Paralysis

We took a wonderful vacation this year. 2 weeks on the Pacific coast of Mexico. Sweet towns, beautiful beaches and surroundings, incredible food and lovely people.  Despite the fact that I don’t like traveling at this stage of my life, I supported this adventure because it is something that G needs desperately. It is precisely this subsistence on heat and saltwater that he turns to to define summer. And I understand his need to pass this definition on to his children.

The kids loved every minute.
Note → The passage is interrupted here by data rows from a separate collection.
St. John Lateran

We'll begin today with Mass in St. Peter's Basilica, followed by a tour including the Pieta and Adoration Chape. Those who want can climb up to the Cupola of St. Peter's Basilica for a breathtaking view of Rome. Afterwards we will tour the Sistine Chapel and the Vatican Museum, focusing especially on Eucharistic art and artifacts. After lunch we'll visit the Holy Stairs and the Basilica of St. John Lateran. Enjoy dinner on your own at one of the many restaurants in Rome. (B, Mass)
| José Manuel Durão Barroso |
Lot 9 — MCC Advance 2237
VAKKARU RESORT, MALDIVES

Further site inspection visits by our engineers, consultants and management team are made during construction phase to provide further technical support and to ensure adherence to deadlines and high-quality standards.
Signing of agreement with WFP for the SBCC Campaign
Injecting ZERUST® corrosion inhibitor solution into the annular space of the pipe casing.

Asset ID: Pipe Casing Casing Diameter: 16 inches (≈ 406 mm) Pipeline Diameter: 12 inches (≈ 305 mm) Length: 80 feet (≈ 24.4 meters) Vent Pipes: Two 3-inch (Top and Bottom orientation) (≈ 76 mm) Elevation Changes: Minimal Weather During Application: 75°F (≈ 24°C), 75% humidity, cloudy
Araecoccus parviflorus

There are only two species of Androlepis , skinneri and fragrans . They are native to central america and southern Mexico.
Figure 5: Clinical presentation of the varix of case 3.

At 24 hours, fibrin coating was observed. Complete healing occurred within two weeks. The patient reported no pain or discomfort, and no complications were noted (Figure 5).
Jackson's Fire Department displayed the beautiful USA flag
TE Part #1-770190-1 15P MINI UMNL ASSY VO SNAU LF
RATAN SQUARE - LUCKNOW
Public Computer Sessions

And I love the simple messages that can be conveyed by just existing in an environment so different from our own.  The richness of landscape, the fuzzy distinctions between rich and poor, the fluidity of culture and language.  I adored watching them take it all in stride.

But now that we are back it feels like I passed through a geomagnetic storm that wiped out all of my navigational equipment.  I can remember clearly marveling over the realization that all of my precious routines and schedules became irrelevant after just a few days away but like a toddler I’ve been scrambling to regain the comfort of their structure since the moment we returned.
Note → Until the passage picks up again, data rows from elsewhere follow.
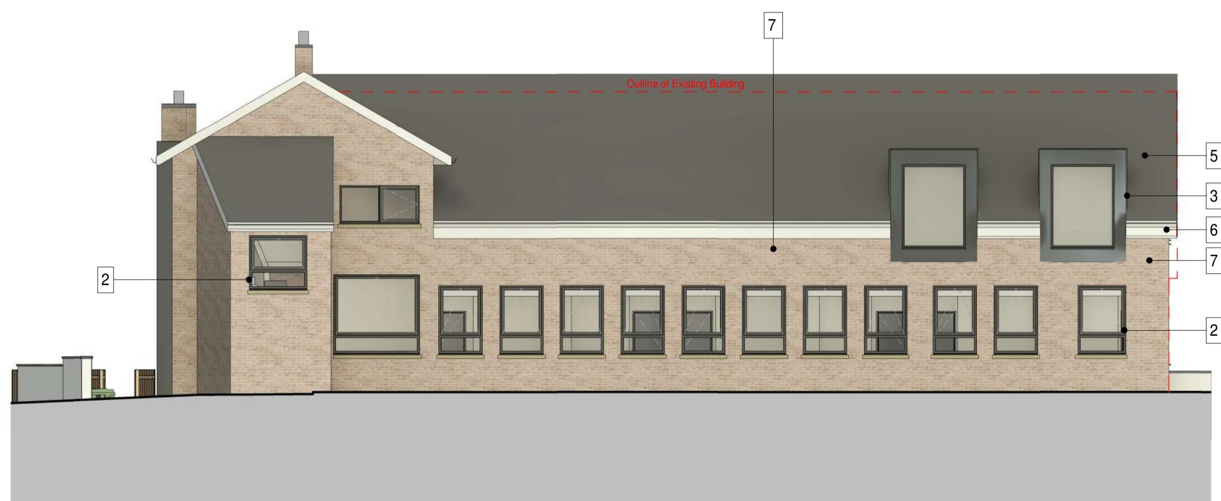
C - Proposed South Elevation
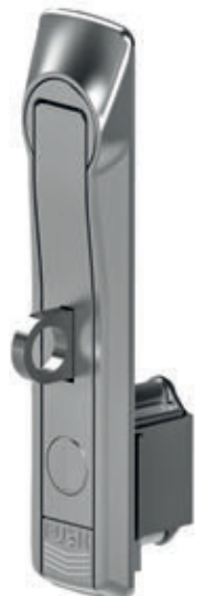
Version with shackle
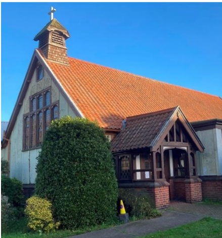
St. Paul's Church, Newtown

Expenses should be submitted on a monthly basis to the Team Treasurer for approval and will be met in full by the PCC from ministry endowment funds.
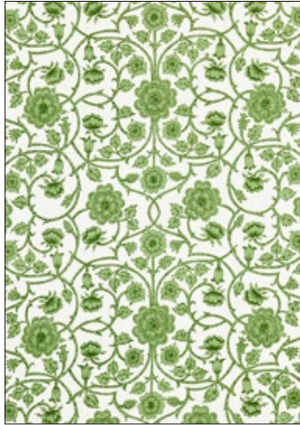
ORNAMENTAL GATE 5 COLORWAYS (YD 5736)
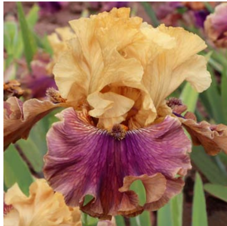
8. Brown Nose, Black
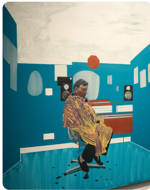
Peter's Sitters 3

Peter's Sitters 3 (2009) by Hurvin Anderson connects his Caribbean heritage with life in England. Colour symbolises his Caribbean heritage, while the barbershop symbolises an important aspect of life in England to Afro-Caribbean immigrants.
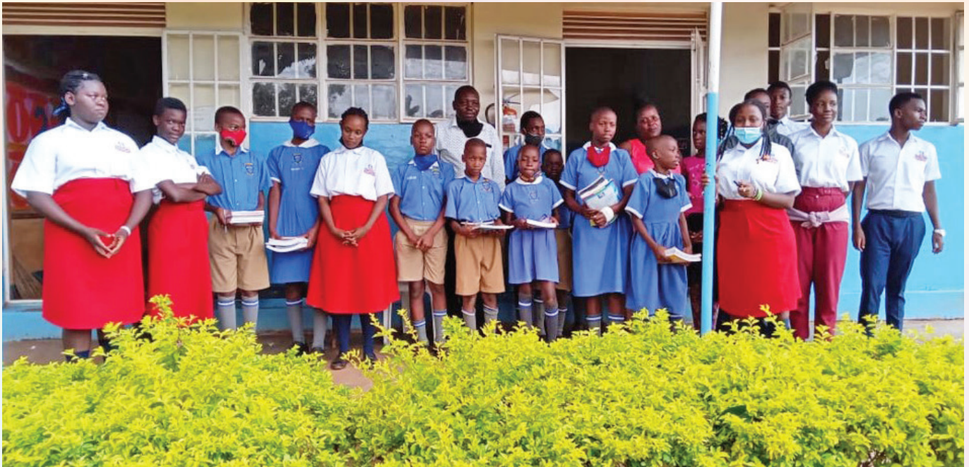
High School Students at Nambula for Community Outreach

On Thursday afternoon at exactly 2 pm, the high school students set off to what was to be the first of several community outreach activities. Everyone boarded the vans with their recycled products to educate the students of P5 – P7 at Nambula Primary school.
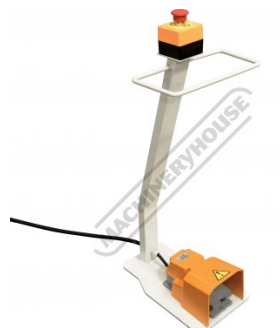
Emergency Stop On Roving Foot Pedal Roving Foot Pedal
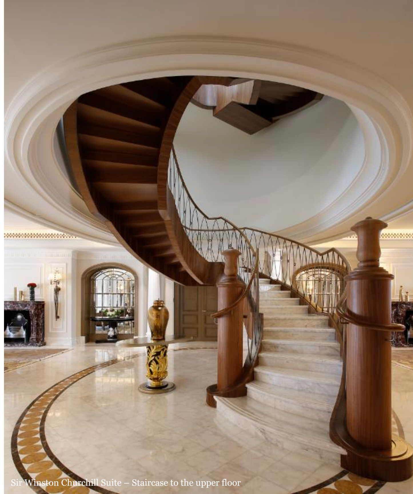
Sir Winston Churchill Suite – Staircase to the upper floor
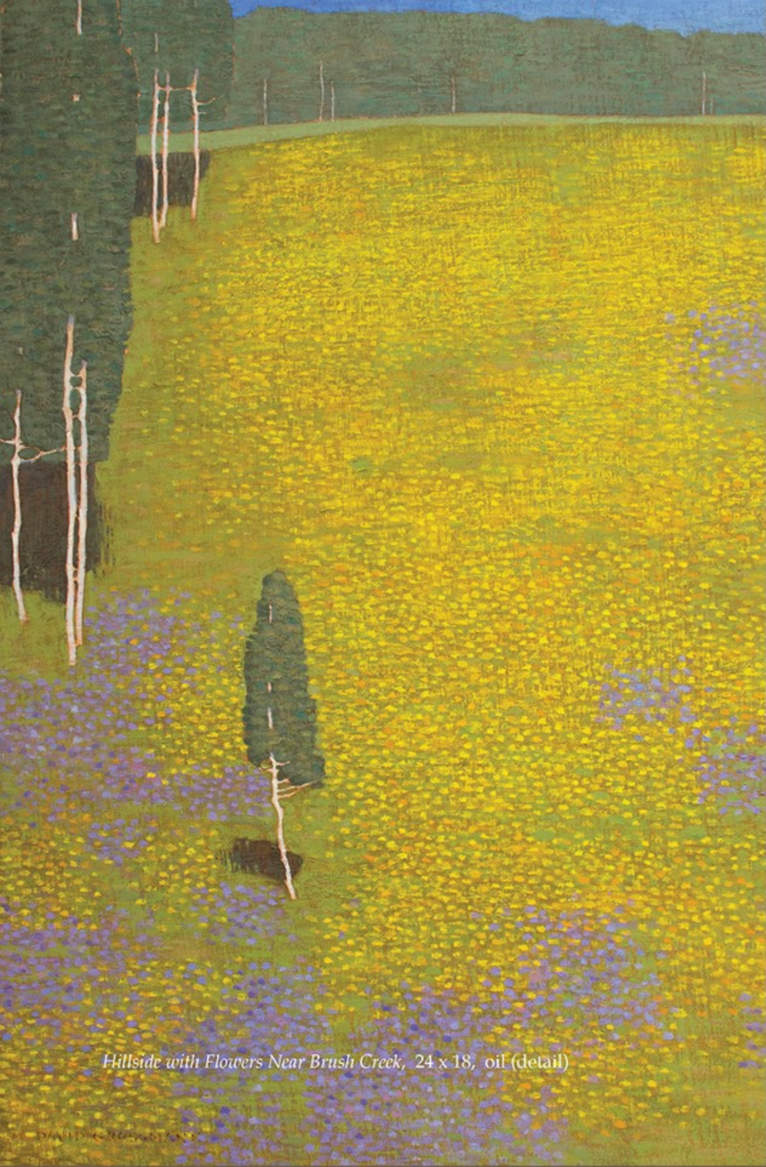
Hillside with Flowers Near Brush Creek, 24 x 18, oil (detail)
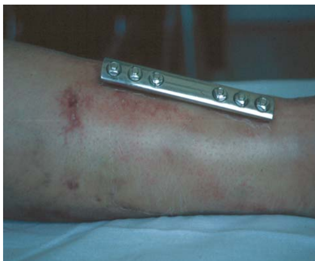
Fig.7. The contact dermatitis on the skin surface

The patients (5,6) whose bones were joint with ZESPOL method, positive reaction to Cr and Ni was found. It appeared as contact dermatitis covering a large area of the skin, not only in the implant-tissue area (Fig.7). Some disturbances in the bone growth was observed. Treatment with antyallegic drugs was ineffective. After 4 weeks the implants were removed and the patients were treated in cast.
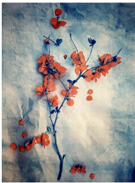
Work by Diana Bloomfield

cover image), and the North Carolina Literary Review, Bloomfield's art has been featured in the Pinhole Journal; The World Journal of Post-Factory Photography; Chinese Photography; Shadow & Light (including front cover image); Analog Forever Magazine (Issue 2, Summer 2020); Dodho Photography Magazine, and Silvershotz (including front cover image).

I feel a bit ridiculous.  Like most of us, I have a simple awareness of the privilege of my condition on an everyday basis but leaving it behind for a few weeks disrupted my capacity for comfortable acceptance, further complicating my already difficult relationship with this home town of mine- one of the wealthiest places on the planet.
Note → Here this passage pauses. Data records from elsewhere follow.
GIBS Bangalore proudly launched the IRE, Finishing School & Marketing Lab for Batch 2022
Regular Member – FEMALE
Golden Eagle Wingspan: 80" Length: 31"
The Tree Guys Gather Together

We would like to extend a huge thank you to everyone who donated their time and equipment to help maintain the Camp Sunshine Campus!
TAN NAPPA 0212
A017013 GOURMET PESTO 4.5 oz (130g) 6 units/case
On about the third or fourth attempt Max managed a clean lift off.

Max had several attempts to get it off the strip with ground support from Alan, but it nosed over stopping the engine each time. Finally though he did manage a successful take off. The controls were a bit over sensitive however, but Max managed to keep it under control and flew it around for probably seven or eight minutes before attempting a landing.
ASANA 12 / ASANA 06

In reality I’m grateful for the renewed perspective.  I think that awareness is a good thing.  It’s the inability to do anything about it that upsets me.  I know that there are numbers of people who work tirelessly to synch the lyrics of their livelihood to the soundtrack of their values.  And there are many more who exist naturally among the contradictions and compromises that are necessary to get by.  It just so happens that right now, I can’t seem to manage either.  And I hate it.